Method 1: acoustic recordings. This would be the easiest way to record my heartbeat. I could tape a stethoscope to my chest, insert a small microphone in the earpiece, connect the microphone to my PC, and record sound data for several hours. Theoretically it would work, but it would be highly prone to noise from breathing, and I would have to lay perfectly still to avoid noise caused by movements. The data (trace) would have to be smoothed, processed with a band-pass filter (to eliminate interference), and heartbeats could be calculated. However, this would only give me heart beat time information…

Method 2: electrical recordings. This would be a little more complicated, but generate much more information. I could record the electrical activity of my heart, and the charts would look like the cool electrocardiograms (ECGs) that you see on TV shows. I did a little Googling and found that similar things have been done before with common electrical components. I think I’m going to follow the guide on this page and build the circuit seen below:

Supposedly, the data I can obtain looks something like the image below.

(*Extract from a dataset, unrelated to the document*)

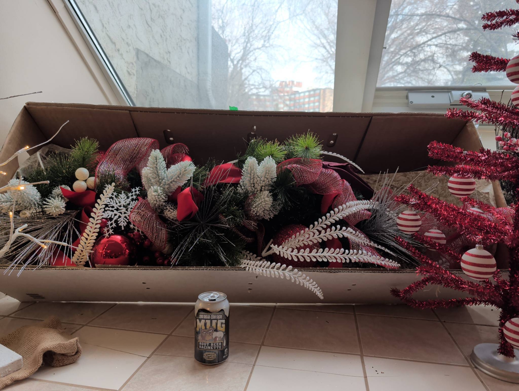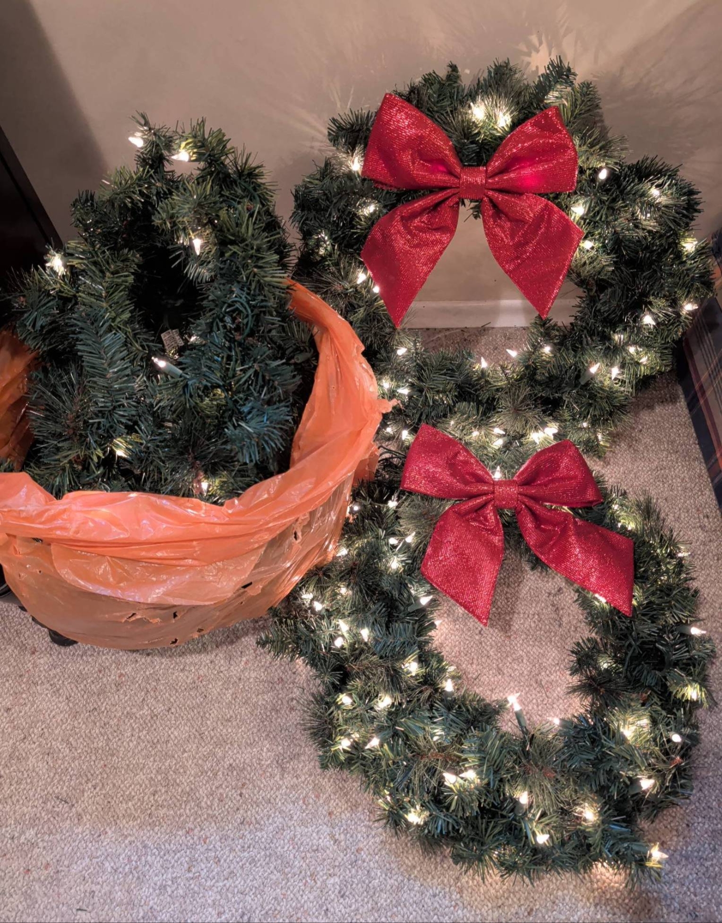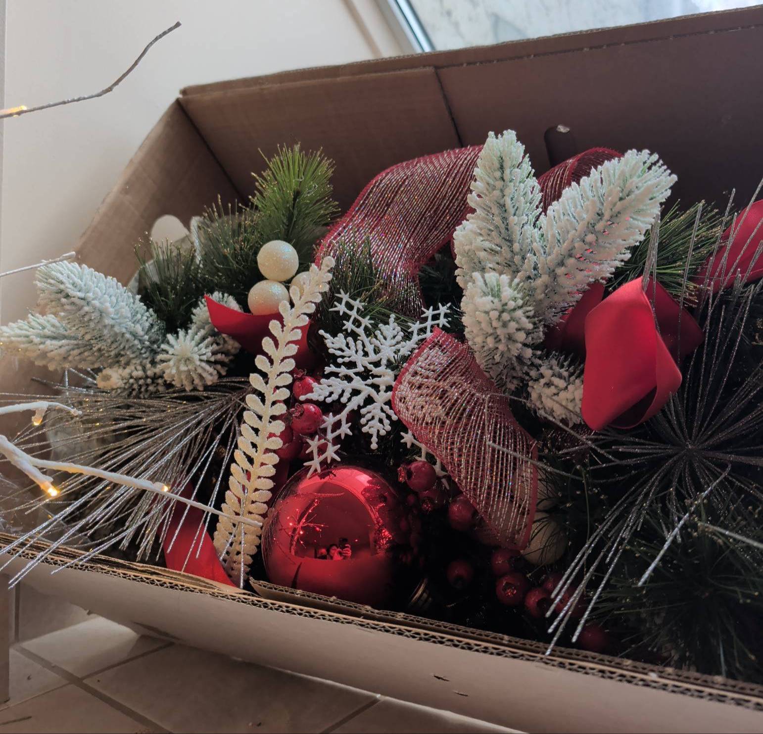 Holiday decor featuring a large decorated wreath (approx. 3′ diameter), a bright red tinsel tree with striped ornaments (approx. 2.5′-3′ tall), and a small lighted birch-style tree (approx. 2′ tall). Includes additional greenery with red and white ornaments, ribbons, and bows, alongside smaller wreaths with lights and large red bows. Ideal for festive displays.

I’d attach 3 electrodes to my body (chest, arm, and leg), hook them up to my little circuit, then connect to circuit to my PCs sound card. I’d record the trace (maybe while I sleep?) and analyze it with Python/Numpy/Matplotlib. There are several websites which demonstrate how to build DIY ECG recording devices, but none of these seem to go into depth analyzing the data they obtain. Hopefully I could fill this little niche on the internet. We’ll see what happens. I have my thesis to work on, and a whole bunch of other stuff on my plate right now.

UPDATE: I found an much simpler ECG circuit I can make from parts I already have at my house. It has tons of noise, but maybe I can filter that out somehow?